[DATA BLOCK — start]
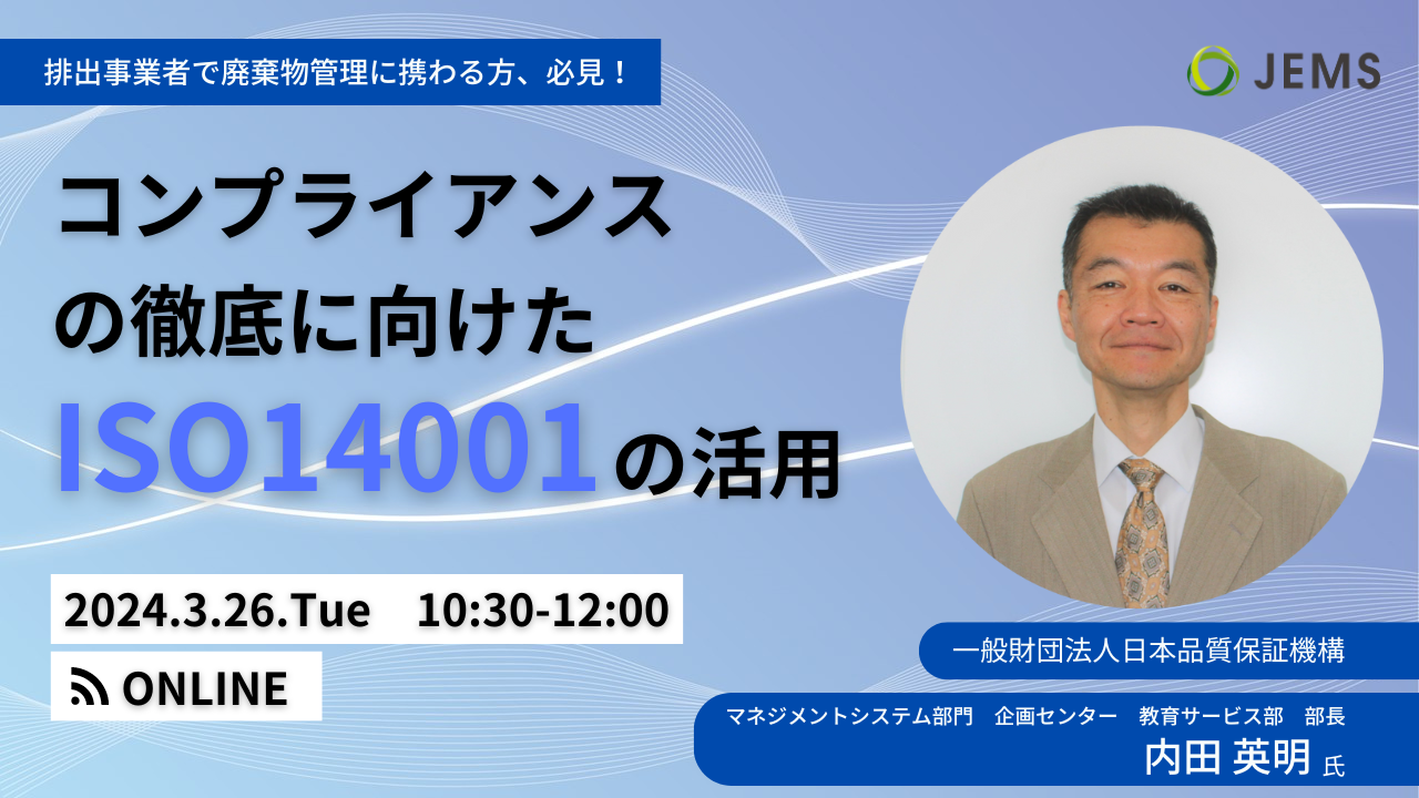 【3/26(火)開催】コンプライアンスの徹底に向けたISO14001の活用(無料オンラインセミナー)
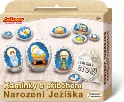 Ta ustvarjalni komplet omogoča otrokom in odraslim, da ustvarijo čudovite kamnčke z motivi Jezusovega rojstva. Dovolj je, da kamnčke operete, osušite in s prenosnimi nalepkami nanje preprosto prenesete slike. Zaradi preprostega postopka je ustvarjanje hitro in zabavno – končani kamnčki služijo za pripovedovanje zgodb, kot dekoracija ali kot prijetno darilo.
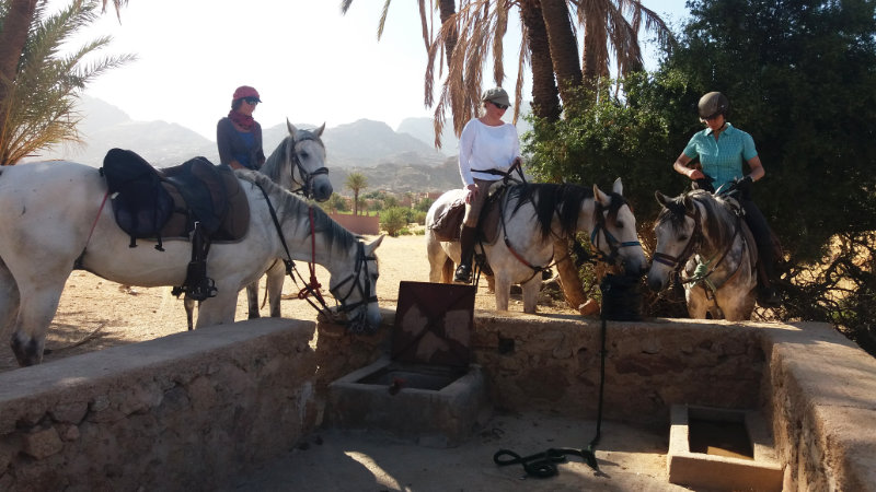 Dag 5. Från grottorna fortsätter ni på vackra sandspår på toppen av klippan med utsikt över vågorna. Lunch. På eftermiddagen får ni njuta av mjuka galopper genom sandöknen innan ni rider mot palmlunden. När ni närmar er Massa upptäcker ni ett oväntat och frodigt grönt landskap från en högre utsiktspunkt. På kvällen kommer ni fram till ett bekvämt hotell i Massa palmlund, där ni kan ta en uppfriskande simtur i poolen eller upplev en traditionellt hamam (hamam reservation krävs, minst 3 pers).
[DATA BLOCK — finish]
AIM OF THE EXERCISE: Repeat the listing above exactly, with no pictures.

RESPONSE FOR THIS EXERCISE:
 【3/26(火)開催】コンプライアンスの徹底に向けたISO14001の活用(無料オンラインセミナー)
 Ta ustvarjalni komplet omogoča otrokom in odraslim, da ustvarijo čudovite kamnčke z motivi Jezusovega rojstva. Dovolj je, da kamnčke operete, osušite in s prenosnimi nalepkami nanje preprosto prenesete slike. Zaradi preprostega postopka je ustvarjanje hitro in zabavno – končani kamnčki služijo za pripovedovanje zgodb, kot dekoracija ali kot prijetno darilo.
 Dag 5. Från grottorna fortsätter ni på vackra sandspår på toppen av klippan med utsikt över vågorna. Lunch. På eftermiddagen får ni njuta av mjuka galopper genom sandöknen innan ni rider mot palmlunden. När ni närmar er Massa upptäcker ni ett oväntat och frodigt grönt landskap från en högre utsiktspunkt. På kvällen kommer ni fram till ett bekvämt hotell i Massa palmlund, där ni kan ta en uppfriskande simtur i poolen eller upplev en traditionellt hamam (hamam reservation krävs, minst 3 pers).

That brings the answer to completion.